Here are breathing tips to calm you down when you’re feeling anxious.

Illustration of waves
 
  • Try breathing in through your nose and deep into your stomach. This is a stomach breathing style, when on the inhale, your belly expands, not just your chest. This promotes calm more than the chest breathing style. Breathing through your nose also kicks in your body’s automatic calming response. Imagine you’re filling your belly with air when you inhale, then empty your stomach of air when you exhale.
  • Try this calming breathing style:

            1)  Ensure that you’re sitting comfortably.

            2)  Inhale through your nose slowly, for 4 seconds.

            3)  Hold your breath for 2 seconds.

            4)  Exhale through your nose slowly, for 6 seconds.

            5)  Pause for a bit, before breathing in again.

  • Try and practice this calming breathing style once or twice a day.

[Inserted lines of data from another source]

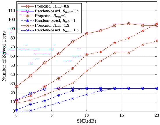 Figure 4 shows the performance of the proposed algorithm and the random-based algorithm as a function of the SNR. It is evident that as the SNR increases, the proposed algorithm consistently approaches the maximum number of served users (), while the random-based algorithm reaches a smaller number (approximately 25). Specifically, in high SNR regions (SNR > 28 dB), the proposed algorithm can support approximately 280% more users when . Furthermore, for smaller values, both algorithms exhibit better performance and faster convergence.
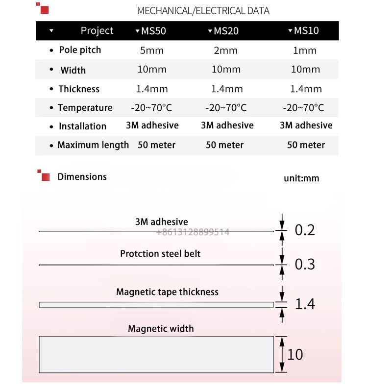 The magnetic tape consists of a tape with a pole pitch of tape and a protective stainless steel belt. It is flat and glued to a special aluminum case and equipped with a special protective steel belt to make the tape better oil-proof,waterproof, dustproof and life-saving. Small size readhead for small footprint and easy installation.
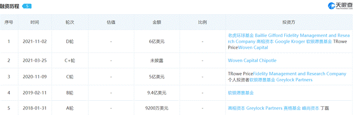 目前這位玩家與沃爾瑪、克羅格、達(dá)美樂(lè)披薩等行業(yè)巨頭合作,日常配送食品、飲料、藥品和其他產(chǎn)品,據(jù)天眼查APP顯示,Nuro去年11月2日獲得行業(yè)內(nèi)首次D輪融資,隨后估值攀升到了 86 億美元,甚至超過(guò)國(guó)內(nèi)Robotaxi一眾獨(dú)角獸。
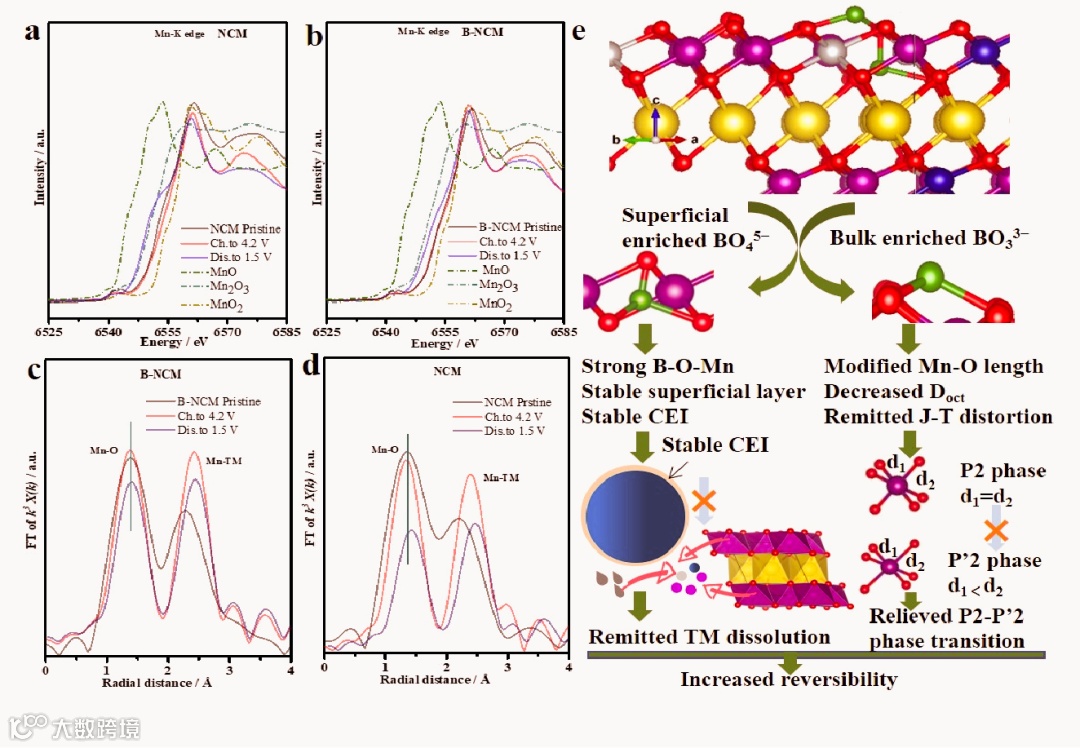 图1. 表面BO45-和体相BO33-掺杂有效提升P2富锰基正极材料可逆性的机理示意图
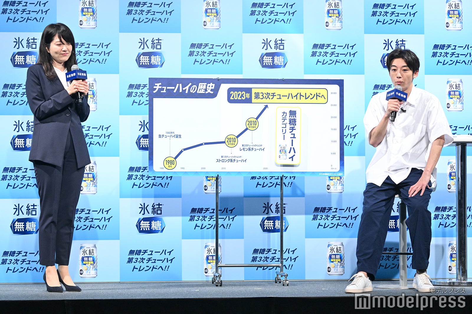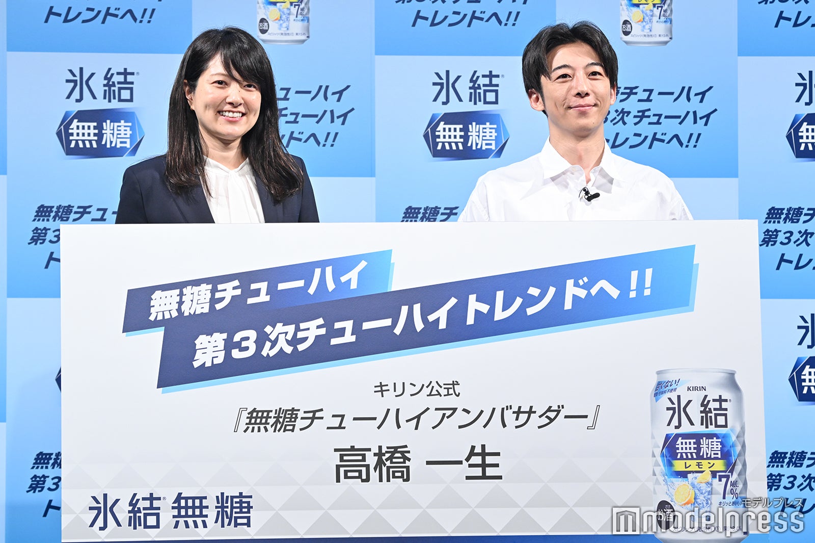 また、同商品が実際に世間に広がっていることを実感しているそうで「発売当初から(CMに)出演させていただいている身としてはとっても嬉しいです。自分の息子のような存在が育っていくような感覚にもなっていますね」と目をキラリ。イベントでは、高橋が同商品のアンバサダー認定講座を受ける一幕もあり、無糖チューハイの売れ行き好調ぶりを数字で実感した高橋は「みなさん、第3次チューハイトレンドで無糖チューハイカテゴリーです。覚えてお帰りくださいませ。この短時間でだいぶアンバサダーとして板についてきた感じがします」とアピールした。
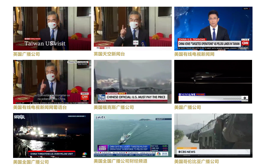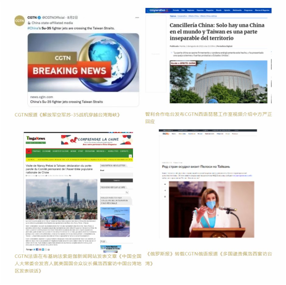 總台國際視頻通訊社聚焦外交部、國台辦、東部戰區等權威表態,可視化製作編髮《國際銳評》《玉淵譚天》等相關評論言論。截至8月4日10時,共有84條新聞素材得到BBC、CNN、CNBC、英國天空新聞台、法國24台、法國電視台、法國新聞台、德國電視一台、德國電視二台、德國之聲、意大利廣播電視公司、意大利TGCOM24電視台、加拿大廣播公司、加拿大最大的商業電視網CTV、俄羅斯第一頻道、全俄國家電視廣播公司、日本NHK、韓國KBS、巴西環球電視台、印度國家電視台、新加坡亞洲新聞台、澳大利亞廣播公司、卡塔爾半島電視台、墨西哥阿茲特克電視台、印尼國家廣播電視台等102個國家和地區的1683個電視台及新媒體平台採用。
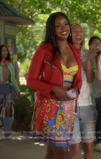 Annika (played by Justine Skye) on Grown-ish on Freeform was spotted wearing this baroque print skirt and top on Grown-ish on episode 'It's a Vibe' (5x09) in Sep 2022. Annika's Top is the Baroque print Crop Top by Versace . Annika's Skirt is the Mini Skirt by Versace . Annika's Jacket is the Belted faux leather biker jacket by Bershka.

Find time in the day when you won’t be distracted to practice this breathing style. In time, you’ll find that your regular breathing rate will calm down to normal and will reduce your general level of anxiety. With enough practice, it can also help reduce your level of anxiety when you’re in a stressful situation.
 

Why our breath is our doorway to anxiety or calm.
 

Illustration of wind
 
  • Our breathing affects our physical state. Changes in our breathing directly affect our bodies. For example, when we’ve had a fright, we breathe faster, which in turn makes us feel breathless, light-headed or feel tingly.
     
  • If our breathing is in balance, we feel more in balance too. Our bodies need a balance of oxygen and carbon dioxide. Our body takes the oxygen it needs and releases carbon dioxide through our breath. This balance is maintained through the speed and depth of our breath.
     
  • If we breathe too fast, we may take in more oxygen than what we need. Faster breathing is helpful when we’re exercising, as our bodies need more oxygen at this time. But when we’re anxious and our breathing speeds up, our bodies take in more oxygen than it needs. This causes symptoms like dizziness, light-headedness, confusion, blurred vision, breathlessness, numbness, cold clammy hands and muscle stiffness.
     
  • Continuous overbreathing can leave us feeling exhausted or ‘on edge’. This makes us even more likely to respond to stress with anxiety, fright or panic, and continue the cycle of overbreathing and anxiety.
     
  • Gaining control over our breath can help stop anxiety. Just as overbreathing can affect our bodies in a negative way, being able to control our breath by slowing it down and deepening it can calm us down.
 
“Feelings come and go like clouds in a windy sky. Conscious breathing is my anchor.”
— Thich Nhat Hanh
“If you want to conquer the anxiety of life, live in the moment, live in the breath.”